» **ACTION ITEM**:
Below, locate the line that contains "Tesoura para costura". Repeat exactly from that line to the line that contains "A young boy", inclusive, leaving out the pictures.

---- MATERIAL PROVIDED

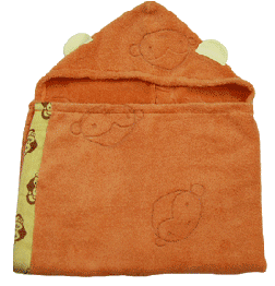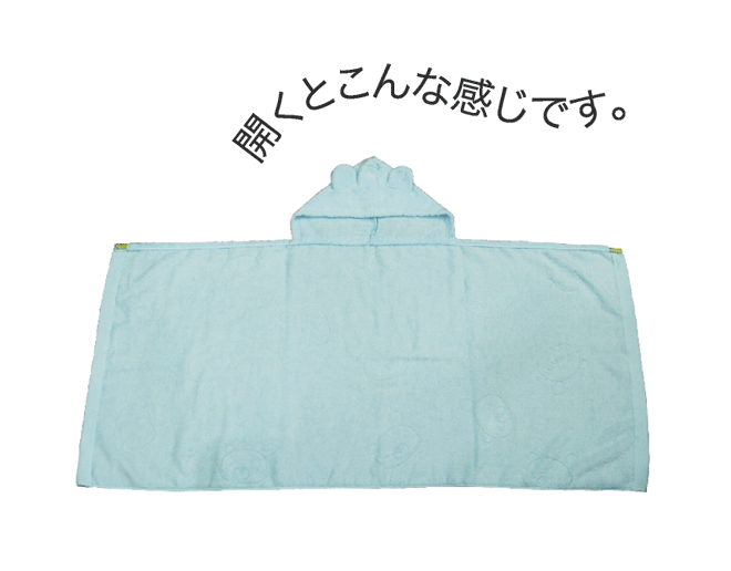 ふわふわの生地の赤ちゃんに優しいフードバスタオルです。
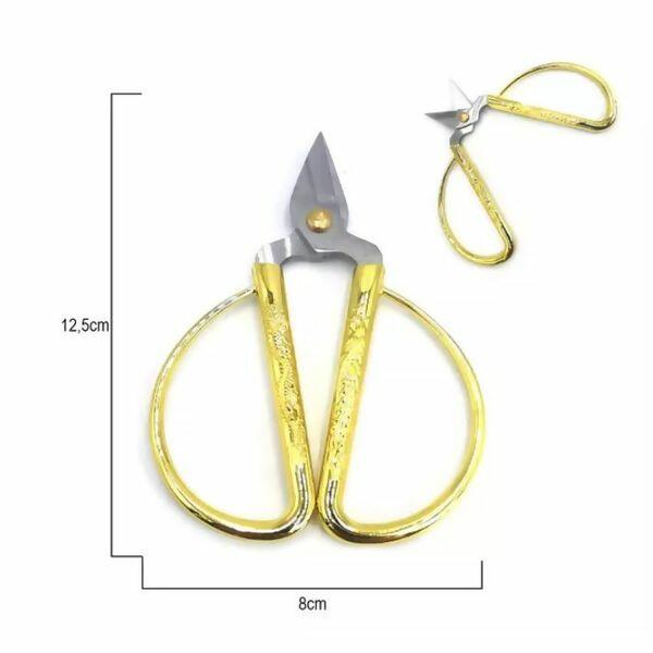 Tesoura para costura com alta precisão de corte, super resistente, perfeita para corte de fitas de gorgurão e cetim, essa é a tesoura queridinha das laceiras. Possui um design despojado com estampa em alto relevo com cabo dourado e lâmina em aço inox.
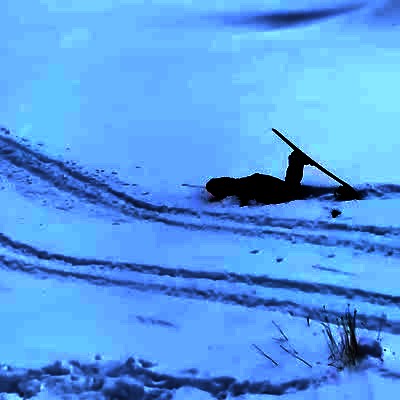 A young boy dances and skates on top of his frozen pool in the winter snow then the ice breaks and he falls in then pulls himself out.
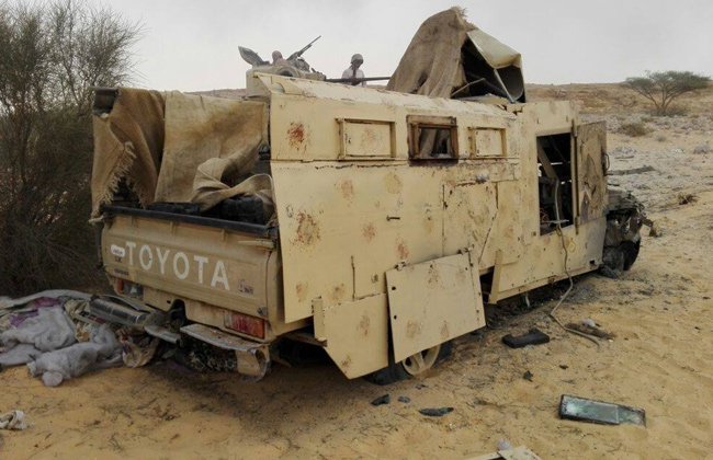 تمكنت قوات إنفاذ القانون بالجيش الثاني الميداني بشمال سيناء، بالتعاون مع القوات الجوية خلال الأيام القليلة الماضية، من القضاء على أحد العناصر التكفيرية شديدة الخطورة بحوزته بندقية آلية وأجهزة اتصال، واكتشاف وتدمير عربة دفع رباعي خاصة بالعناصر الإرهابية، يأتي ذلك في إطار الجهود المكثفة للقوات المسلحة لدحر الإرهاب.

--------

» **EXPECTED OUTPUT**:
 Tesoura para costura com alta precisão de corte, super resistente, perfeita para corte de fitas de gorgurão e cetim, essa é a tesoura queridinha das laceiras. Possui um design despojado com estampa em alto relevo com cabo dourado e lâmina em aço inox.
 A young boy dances and skates on top of his frozen pool in the winter snow then the ice breaks and he falls in then pulls himself out.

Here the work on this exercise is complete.